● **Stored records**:
_ _ _ _ _ _ _

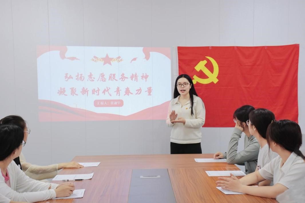 座谈结束后,学生第二党支部书记董淑华老师进行了《弘扬志愿服务精神,凝聚新时代青春力量》专题党课,提出当代青年大学生要坚定理想信念,以奋发昂扬的进取姿态和蓬勃向上的精神面貌投身社会服务,回报祖国。
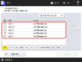 주소록에 등록된 수신인(개인 주소 리스트 또는 사용자 그룹 주소 리스트에 있는 수신인 제외)을 통지처로 설정할 수 있습니다.
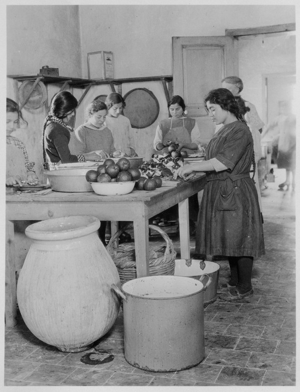 The orphanages produced as much fresh food as possible. Boys and girls raised staples like potatoes and onions in orphanage gardens. Girls preserved fruit for consumption and sale in the local community. Mrs. S.D. Jessup, the kitchen manager at Sidon Orphanage, introduced the American canning method to great success. The girls of Sidon were known for their delicious apricot and grape preserves. In these small ways, the children produced cost-effective meals while learning agricultural and culinary skills that would serve them in the future.
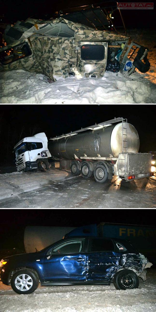 В результате столкновения четырех машин погибла семья из Татарстана. ФОТО
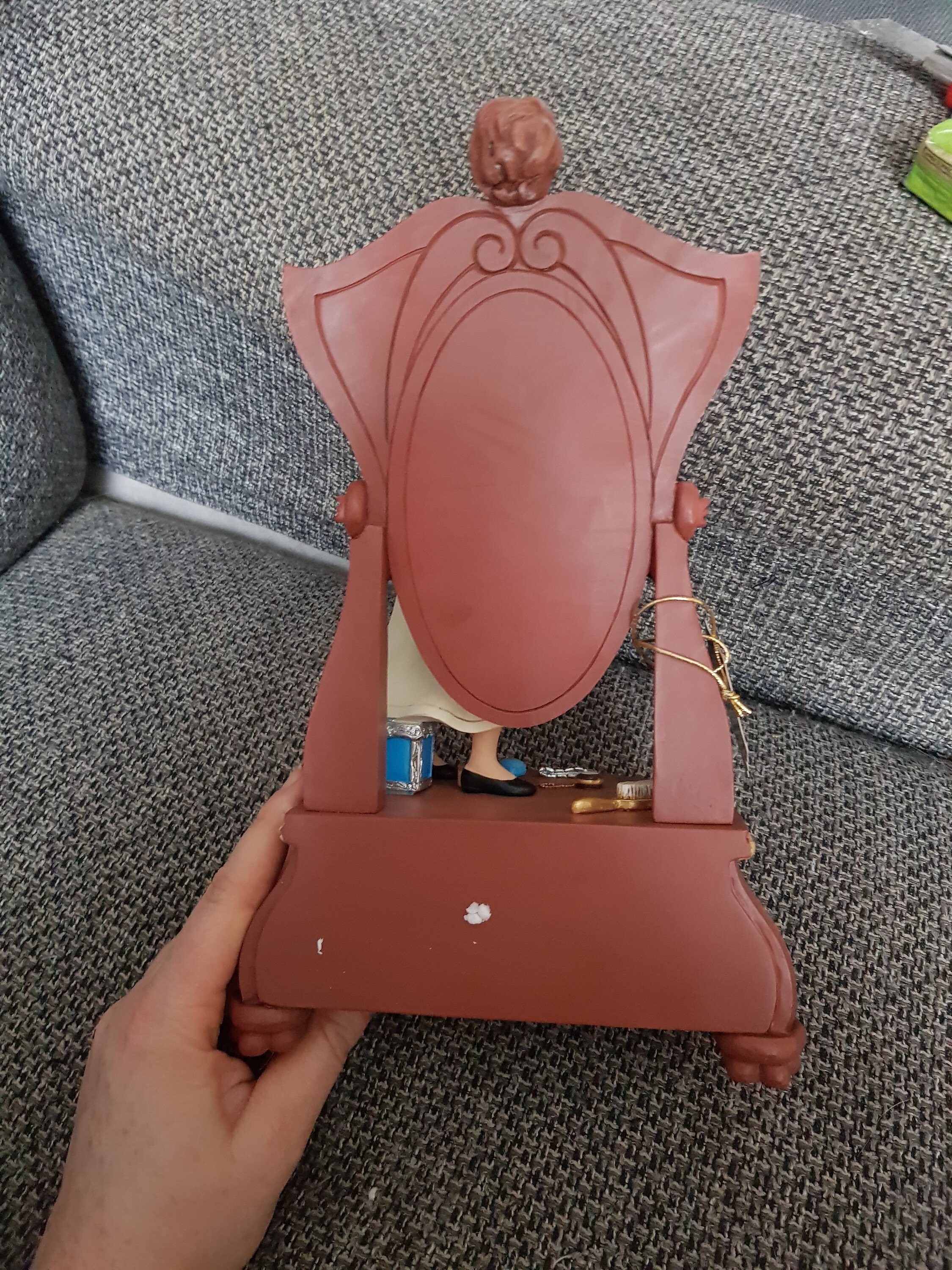Juste de légères griffures, dus au polystyrène qui protège entre le miroir et Vanessa, mais cela part en nettoyant.
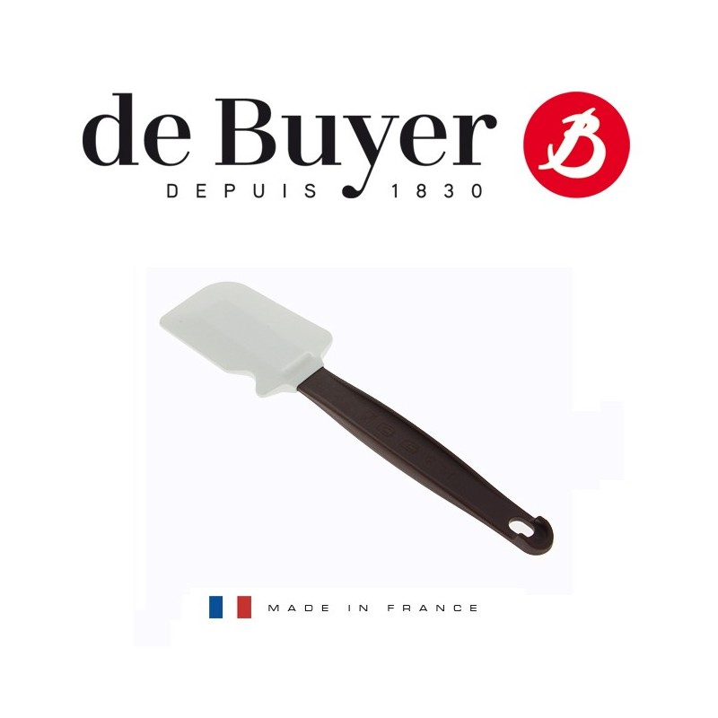 Práctico, permite raspar recipientes y zonas inaccesibles, además de trasladar un plato. Un diseño de una sola pieza, la hoja y el mango son inseparables; "maryse" está diseñado para un uso profesional intensivo.
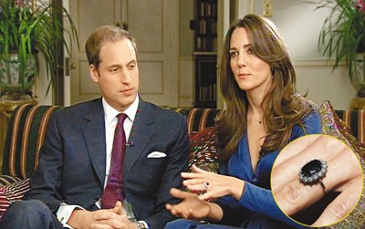 威廉王子与凯蒂向传媒讲述情路往事。凯蒂戴着戴妃的戒指。

_ _ _ _ _ _ _

● **Your task**: Every entry is to be transcribed exactly, but the pictures are to be left out.

● **Written reply**:
 座谈结束后,学生第二党支部书记董淑华老师进行了《弘扬志愿服务精神,凝聚新时代青春力量》专题党课,提出当代青年大学生要坚定理想信念,以奋发昂扬的进取姿态和蓬勃向上的精神面貌投身社会服务,回报祖国。
 주소록에 등록된 수신인(개인 주소 리스트 또는 사용자 그룹 주소 리스트에 있는 수신인 제외)을 통지처로 설정할 수 있습니다.
 The orphanages produced as much fresh food as possible. Boys and girls raised staples like potatoes and onions in orphanage gardens. Girls preserved fruit for consumption and sale in the local community. Mrs. S.D. Jessup, the kitchen manager at Sidon Orphanage, introduced the American canning method to great success. The girls of Sidon were known for their delicious apricot and grape preserves. In these small ways, the children produced cost-effective meals while learning agricultural and culinary skills that would serve them in the future.
 В результате столкновения четырех машин погибла семья из Татарстана. ФОТО
Juste de légères griffures, dus au polystyrène qui protège entre le miroir et Vanessa, mais cela part en nettoyant.
 Práctico, permite raspar recipientes y zonas inaccesibles, además de trasladar un plato. Un diseño de una sola pieza, la hoja y el mango son inseparables; "maryse" está diseñado para un uso profesional intensivo.
 威廉王子与凯蒂向传媒讲述情路往事。凯蒂戴着戴妃的戒指。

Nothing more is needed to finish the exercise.